We found in the past that we needed to predrill the holes in the tin ... the ordinary drill just wasn't as good as what the professionals use ... yours may be better though?  
Choose a low wind day!  
You may need to hire a nibbler if you need to do any cutting.  
It's normally wise to do the stumping first for any project if it's required, I guess it depends how much it has moved?

----------


## scooter

Might be worth having a corded drill on standby, even a real cheapie, depending on the quality of your cordless drill battery, it could run out of puff too quick. Even a GMC screw gun could be worth considering, reasonably cheap from memory. 
Hammer a small hole with a sharpened 6" nail as a punch, will make things easier for your drill, and prevent the screw skating off the ridge.
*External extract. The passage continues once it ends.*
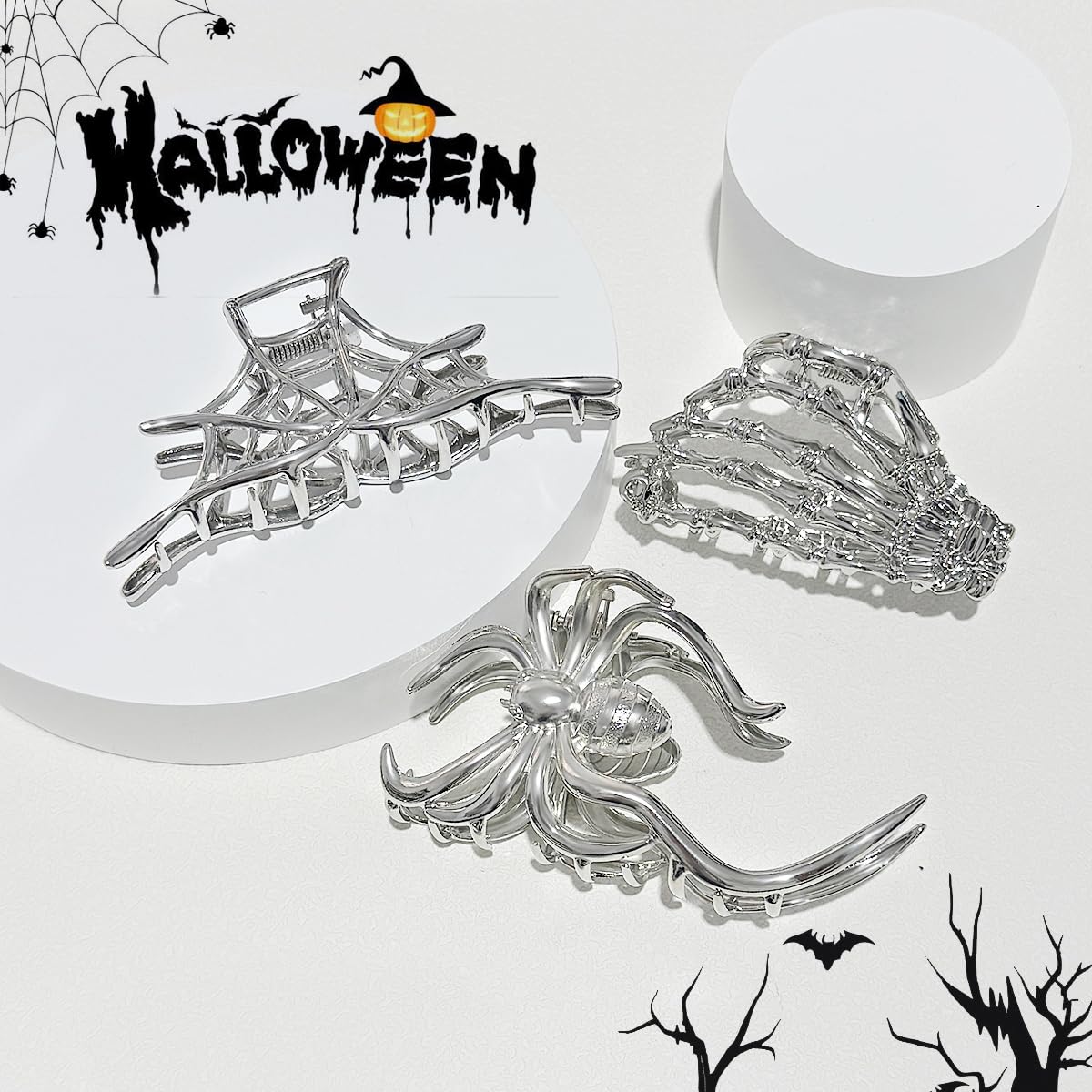 đă3 Different ClawsăYou will get 3 different hair claws in gun black color, simple and fashionable hair claw jaw clips which size are about 3.3 to 4.4 inches, they are fit for any dress, dating hairstyle you wear to match all your daily outfits. The spider skeleton spooky hair clip claws are especially fit for Halloween.

First 1/2 doz holes will calibrate your knockometer  :Biggrin:   
Good luck...............cheers.............Sean

----------


## Barry_White

dreinoga 
Here is a post I made in another thread that may be helpful.  http://www.woodworkforums.ubeaut.com...hlight=roofing 
You could probably hire a proper Electric Screwdriver. 
To weather the sheets an adjustable wrench is ideal, yes just turn up the valleys of the ripple. 
If you are screwing into timber you need 12 x 50 Type 17 screws with neoprene washers. If you are screwing into steel a 12 x 35 Teks with Neoprene washers. If you use a drill to install them you will probably destroy half of the washers and that is not good. With an electric screwdriver with a proper nose cone it will set every screw evenly. 
To start the screw just give it a hard push on the screwdriver before pulling the trigger and that will create a dent in the sheet and the Type 17's will create their own hole and I would recommend Buildex screws over any thing else. 
If it's worth doing, it's worth doing properly. I spent half of my time with Lysaghts inspecting noisy roofs which where caused by uneven tension on the screws because they where installed with a drill and not a proper electric screwdriver and that included so called roof plumbers who were too tight to buy a proper screwdriver.

----------


## dreinoga

Tools are not a problem, got a Bosch Blue 24V Impact Drill/Driver with spare batterys. but will have the corded Bosch Blue on hand as well. 
Was thinking of using my 9" angle grinder to cut the tip, tho I don't have a nibbler yet, all major project must! include an additional tool purchase in my opinion, how else would I get it past the missus...lol 
Was def planning on doing it on a still day for sure!

----------


## dreinoga

Thanks Barry, 
Have read that post as well. 
Will def have a look at a cordless screwdriver, not sure exactly what you mean by the " nose cone"... 
this is what I have..  http://auptocs.bosch-pt.com/boptocs-...8&prod_id=7503 
It has all the torque settings etc

----------


## Barry_White

> Thanks Barry, 
> Have read that post as well. 
> Will def have a look at a cordless screwdriver, not sure exactly what you mean by the " nose cone"... 
> this is what I have..  http://auptocs.bosch-pt.com/boptocs-...8&prod_id=7503 
> It has all the torque settings etc

  dreinoga 
This is an electric Screwdriver. The Nose Cone is the Silver Nozzle on the front also known as the depth stop. This is adjustable to allow you to set the depth of the screw and when the screw reachs the predetermined depth the clutch releases the drive from the screw and every screw is set at exactly the same depth. Uneven tension on the screws causes noisy roofs.  http://www.metabo.com.au/metabo/hand..._20002_19.html 
All professional roofers use them as that obviates claims for noisy roofs. 
It would be ok to cut the sheeting with the angle grinder, just make sure all the cut edges are under capping and flashings.

----------


## Sigidi

Barry, 
I've been told using an angle grinder to trim corro, allows the corro to rust on the cut edge, so only a nibbler or aviation snips are to be used??? 
I recently did our forst roof on the house and have in the past done other roofs. I used to punch the roof firts to allow the screw to start, but this roof i used roof zips made by buildex and had no trouble at all starting all of them, they wehre terrific and all but melted their way through the tin. 
Also I used a $19 drill from supercheap to put nearly 1000 screws in, some I had to screw back out as I fragged the washer, but I guess I can't say they are all in 'exactly' the same depth. (Drill has subsequently died while installing a mortice lock into solid timber doors :Frown: )

----------


## Barry_White

> Barry, 
> I've been told using an angle grinder to trim corro, allows the corro to rust on the cut edge, so only a nibbler or aviation snips are to be used???  )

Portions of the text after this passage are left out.